Facilities services group ISS said that its resilient revenues have proved “the importance of the global strategy in unprecedented times”.
The Copenhagen-based company’s half-year results show organic growth of 2.9 per cent in H1 of 2020 and 9.9 per cent in Q2 2020, affected by Covid-19 lockdowns across its territories, but underpinned by key accounts (2.2 per cent organic growth in H1 2020) as well as strong demand for deep cleaning and disinfection services. Organic growth in July was 7.8 per cent.
Its operating margin was 2.2 per cent in H1 2020 (H1 2019: 3.7 per cent) or around 0 per cent excluding restructuring costs and one-offs.
Performance was dented by the operating profit drop-through from revenue lost as a result of the pandemic as well as other operational hits including inefficiencies and delays in several key operational priorities as a result of the significant redirection of resources on the back of Covid-19 and an IT malware attack.

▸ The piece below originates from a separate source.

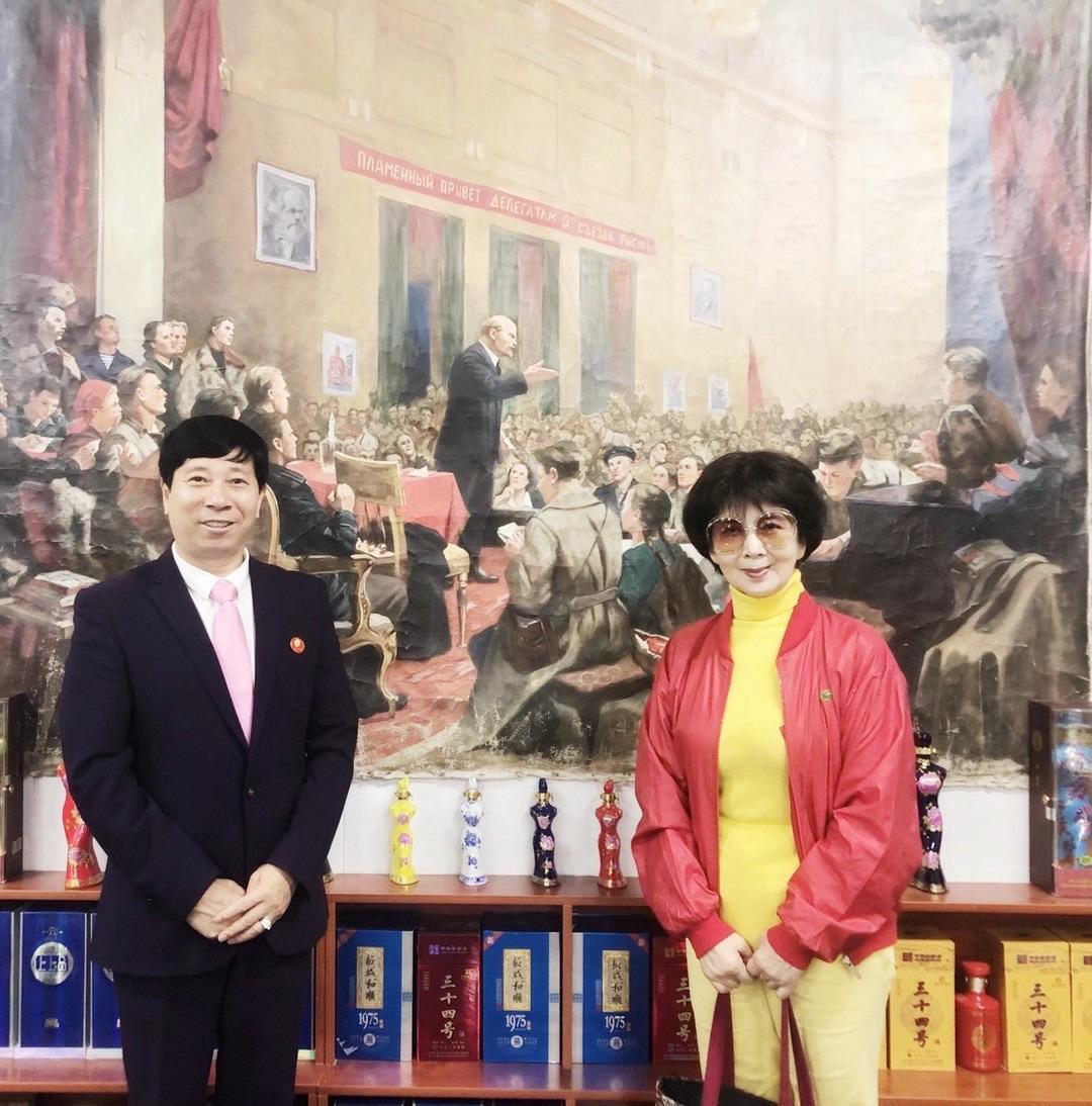 吴海燕老师在白俄罗斯国家美术馆驻华首席执行官刘瀚锴先生收藏的前苏联油画大师作品前留影

Free cash flow improved to Danish Krone 1.7 billion (£206,485,354) in H1 2020 (H1 2019: DKK2.6 billion). The free cash flow of DKK1.7 billion was negatively affected by seasonality, the impact of Covid-19 and the IT malware attack on operating performance, while positively affected by short-term benefits of DKK1.6 billion from postponed payment of VAT and social charges offered under government support schemes. The utilisation of factoring reduced by DKK0.7 billion.
Total available liquidity remained above DKK11 billion at 30 June (30 April 2020: above DKK11 billion) and around DKK14 billion as of 31 July.
Net debt fell from DKK18.6 billion at 30 June 2019 to DKK16.4 billion at 30 June 2020. But because of weaker operating profit, leverage at 30 June 2020 increased to 5.9x pro forma adjusted EBITDA (30 June 2019: 3.4x). Excluding restructuring costs and one-offs affecting operating profit, leverage at 30 June 2020 was 4.3x. While leverage is expected to peak in 2020, the group expects to see a significant reduction in 2021 as performance normalises and the divestment programme is completed.
Organic growth in 2020 is expected to be between 2 per cent and 10 per cent. The operating margin, excluding restructurings and one-off costs (0 per cent in H1 2020), is expected to be marginally positive in 2020. Free cash flow in 2020 is expected to be between DKK0.5 and 3.5 billion with a mid-range of about DKK2 billion.
Jeff Gravenhorst, group CEO, ISS A/S, said: “The first half of 2020 has proven extraordinarily challenging for ISS given the combined impact of the malware attack and Covid-19. Our financial performance has suffered from the loss of revenue and a delay of certain transformational projects as we reprioritised during the crisis.
“That said, the strategic decisions we have made over the past few years have made ISS more resilient in these unprecedented times. Our revenue from key account customers has continued to grow, with the strength of our value proposition becoming more apparent. We have helped customers break the chain of infection and supported the safe return of people to their workplaces. We have increased our liquidity, strengthened our cash flows and reduced net debt. We have now started the shift from crisis management back towards the execution of our strategic priorities. Global uncertainty remains considerable, but we are well placed to capitalise on the recovery as it comes through and the positive, long-term structural trends.”